The years and months that passed our lives went on but I know that her baby was always a part of her and in her thoughts. We would talk about it off and on through out the years and I know she struggled with it.
Somewhere though along the line, she accepted her decision was final. She knew that she made the right decision for her and that it was her decision. When she met her husband we talked about it yet once again and she told her husband shortly after she realized that their relationship was serious that she had a baby in high school and relinquished her to adoption. Her husband was accepting and they married a few years later and had two daughters together.
The daughters she raised are now entering the teenage years and they know they have a sister out there. My friend feels she made the right decision, that it took her some time to get to a mentally healthy place with the decision she made, and she had to do her grieving and healing.

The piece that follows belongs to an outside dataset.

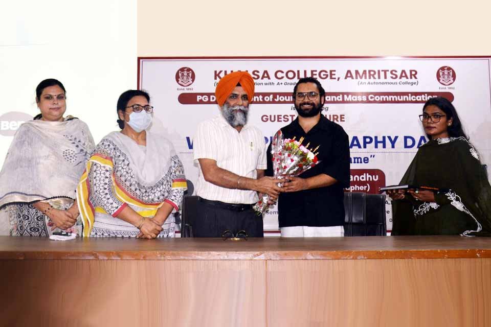 ਅੰਮ੍ਰਿਤਸਰ – ਫ਼ੋਟੋਗ੍ਰਾਫੀ ਕਲਾ ਅਤੇ ਵਿਗਿਆਨ ਦਾ ਇਕ ਅਨੋਖਾ ਮਿਲਾਪ ਹੈ। ਵਿਦਿਆਰਥੀਆਂ ਨੂੰ ਰਚਨਾਤਮਕਤਾ, ਕਲਪਨਾ ਸ਼ਕਤੀ ਅਤੇ ਤਕਨੀਕੀ ਨਿਪੁੰਨਤਾ ’ਚ ਸੰਤੁਲਨ ਬਣਾਈ ਰੱਖਣ ਲਈ ਅਤਿ ਜਰੂਰੀ ਹੈ। ਇਹ ਸ਼ਬਦ ਕਾਲਜ ਪ੍ਰਿੰਸੀਪਲ ਡਾ. ਆਤਮ ਸਿੰਘ ਰੰਧਾਵਾ ਦੇ ਸਹਿਯੋਗ ਨਾਲ ਪੱਤਰਕਾਰਤਾ ਅਤੇ ਜਨ ਸੰਚਾਰ ਵਿਭਾਗ ਵੱਲੋਂ ਵਿਸ਼ਵ ਫੋਟੋਗ੍ਰਾਫੀ ਦਿਵਸ ਦੇ ਸਬੰਧ ’ਚ ‘ਕੈਪਚਰ ਦ ਫ਼ਰੇਮ’ ਵਿਸ਼ੇ ’ਤੇ ਕਰਵਾਏ ਗਏ ਵਿਸ਼ੇਸ਼ ਗੈਸਟ ਲੈਕਚਰ ਦੌਰਾਨ ਮੁੱਖ ਮਹਿਮਾਨ ਵਜੋਂ ਪੁੱਜੇ ਪ੍ਰੋਫੈਸ਼ਨਲ ਫੋਟੋਗ੍ਰਾਫਰ ਸ੍ਰੀ ਆਫਤਾਬ ਸਿੰਘ ਸੰਧੂ ਨੇ ਸਾਂਝੇ ਕੀਤੇ।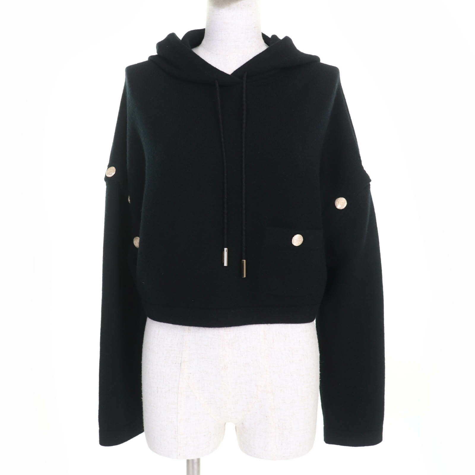 極美品☆HERMES エルメス 23SS 3E0315DJ 膝丈 フレアスカート デザインスカート ブラック 36 フランス製 正規品 レディース【中古】

Recently, we had another conversation about this and the conversation revolved to the fact that her child is 18 years old. She can choose to search if she wanted to and I wanted to know how my friend felt about that. She said to me “My husband knows, the girls I raised know, and she would welcome her into their lives with open arms.” When I took it a step further and asked her how she felt about initiating a search she was adamant that she didn’t want to do that. It had nothing to do with her life or her decision but rather has opened the doors if she is searching and wants that to be her daughter’s decision.
I am not saying that I agree or disagree with the approach of speaking out. After all, it is those speaking out that have made a difference in adoption search and reunion as well as the way adoption is facilitated today. Isn’t that how the closed adoption era revolutionized into more open adoption practices?
I personally feel that the focus of many (not all) is on the pain and what happened to them in the past. Speaking out and educating can be a part of healing but it isn’t it all. Maybe the focus doesn’t need to be so much on the pain and what happened in the past but rather focusing on changing the future.
I will write a blog on open adoption sometime in the future and what my thoughts are but I know there are some who promise to do or say. There are some that do but I have to say that I am not aware of any state that has a legally binding agreement regarding the arrangements made in an open or semi open adoption. Maybe those who feel as they have been coerced can focus some of their energy on changing the way the current adoption laws are in their state to break the cycle. Adoption is not going to go away. No matter how much the select groups who are against adoption try it isn’t going to happen. That is reality but changes can be made to improve the system.